The tradition of goddess worship dates back to the Vedas, which lavishly praise the female deity in the Devisükta and Śrīsükta. Her image became deeply etched in the national consciousness.
It mesmerized people with its effulgence and accessibility, appearing ever ready to grant every wish of the devotee.
The Devimahātmya, also known as the Durgāsaptasati or Candi, is the kind of hymn that instills in the reader a deep conviction that the Goddess pervades the universe-both its creator and protector.
Traditionally, the hymn is divided into three caritas or segments:
Segment 1 comprises Chapter 1, in which the Goddess assumes the form of Mahakali.
Segment 2 includes Chapters 2-4, where she becomes Mahālakşmi.
Segment 3 spans Chapters 5-13, in which she appears as Mahāsarasvati.
The 700 verses of the text reproduced here are drawn from my translation of the Markandeya Purāņa, Volume 86 of the 100-volume Ancient Indian Tradition and Mythology series, published by Motilal Banarsidass.
This translation seeks to re-create the aesthetic and emotional experience of the original, rather than following a rigid word-for-word approach.
About the Author:
I. S. MADUGULA, Ph.D., is convinced that the simplest and the straightest path to understanding 'the meaning of life' is through an inquiry into one's own origins, one's own Self, and one's own inevitable mergence into the Supreme Consciousness.
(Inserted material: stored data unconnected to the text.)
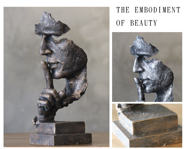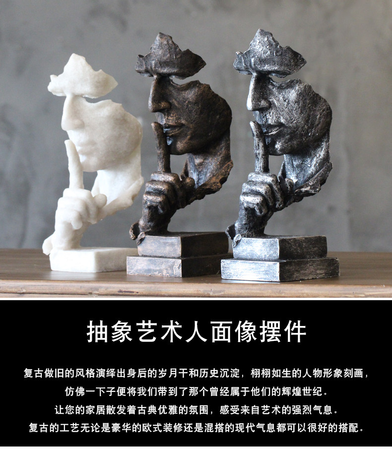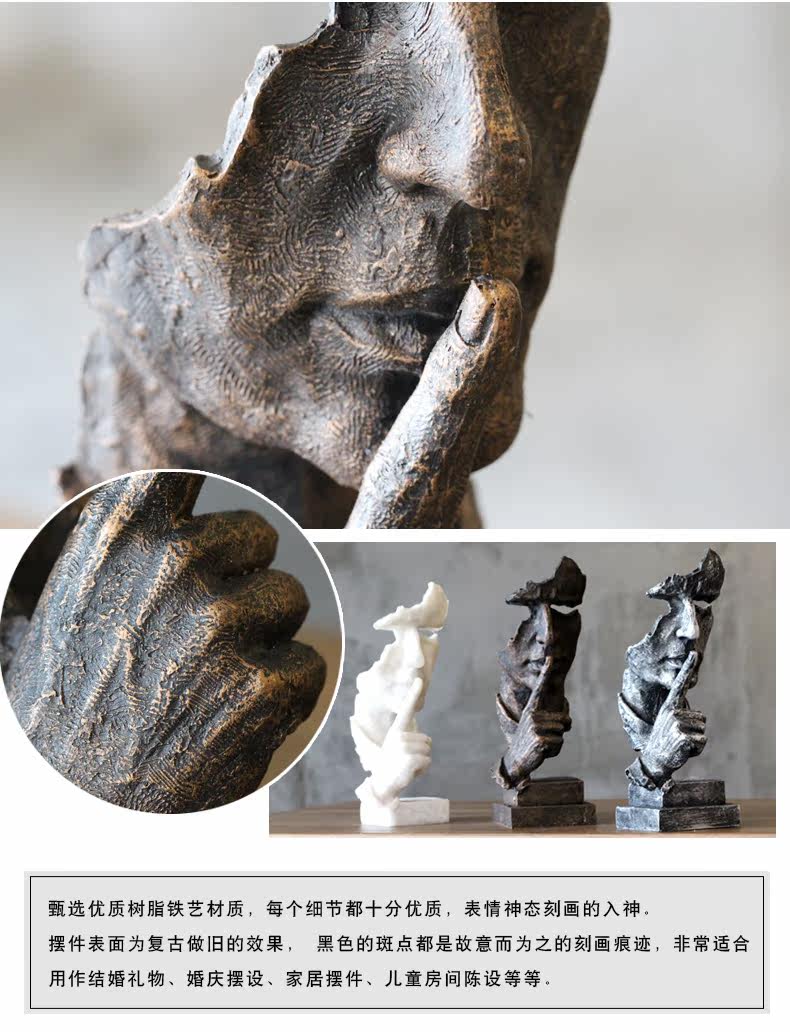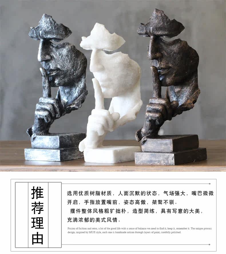 创意沉默是金雕塑工艺品摆件复古家居办公室客厅艺术品装饰品摆设
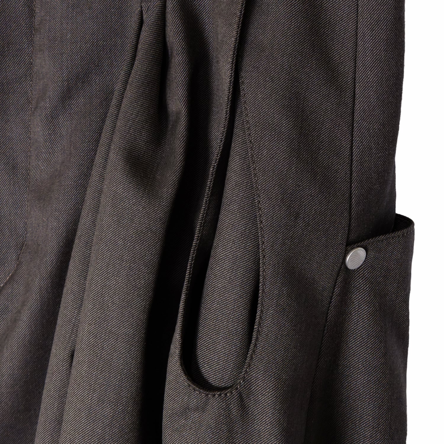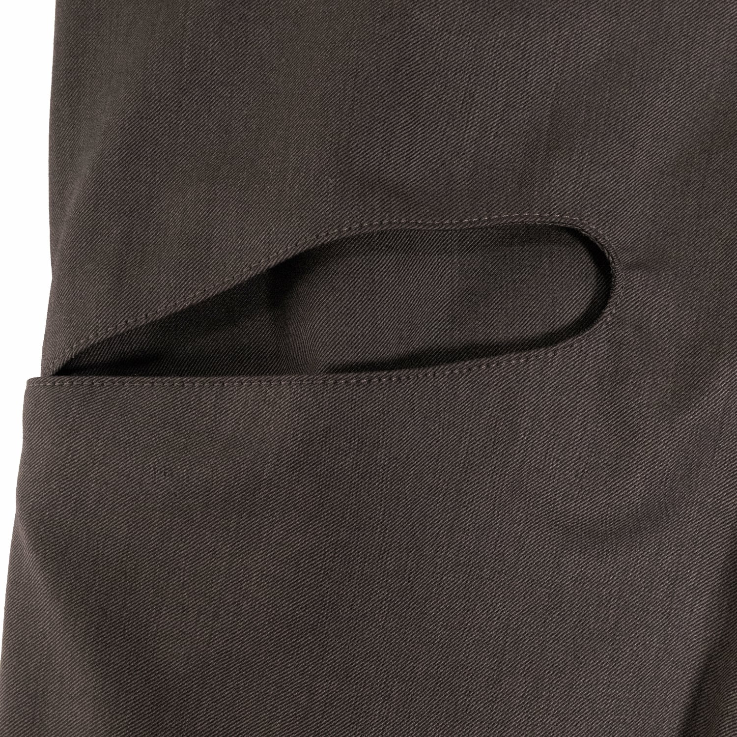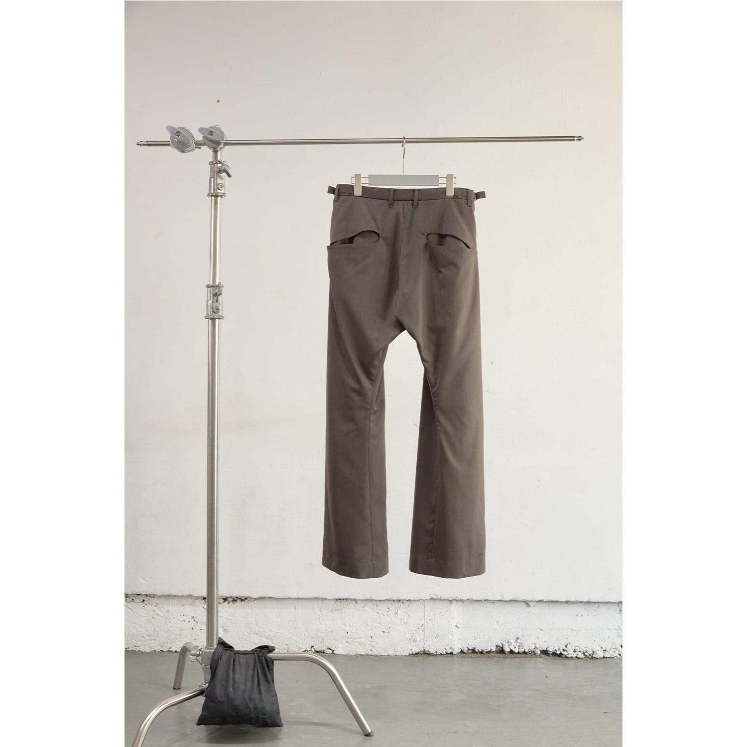 深く取られた2タックの構造を活かしたミニマルなカットアウトポケットや、オリジナルパターンの彫刻を施した精密なリベットワークなど、装飾を機能美へと昇華させたストイックなディテールが目を引きます。
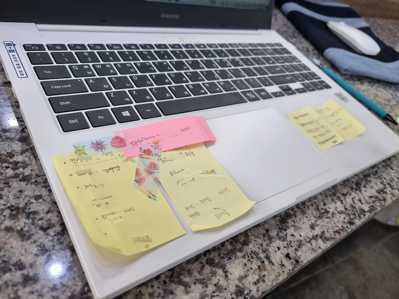 뜨개질을 하며 메모를 시작하자 몸이 메모하던 기억을 떠올리기라도 한 것인지 메모하는 일이 다시 습관처럼 몸에 자리잡기 시작했다. 집에 굴러다니던 수첩에 하루 하루 할 일을 적기 시작했고, 구매해야 하는 물건들을 포스트잇에 적어 노트북에 붙여 두었다. 연구를 하면서 문뜩 문뜩 생기는 궁금증도 포스트잇에 적어 노트북에 붙인다. 노트북이 노란 포스트잇으로 가득 찬다. 하나하나 지워나가는 쾌감을 다시 한 번 느껴본다.

As a writer, his passion is the application of linguistic techniques to the analysis of poetry and how it touches one's inmost being. While The Acārya is an effort to understand how Sankara helps in the former endeavor, his two later works, Sankara the Poet: Śivanandalahari (2021) and Beauty and the Saint: Sankara Saundaryalahari (2023) aim to understand how his poetry uniquely engages the savant.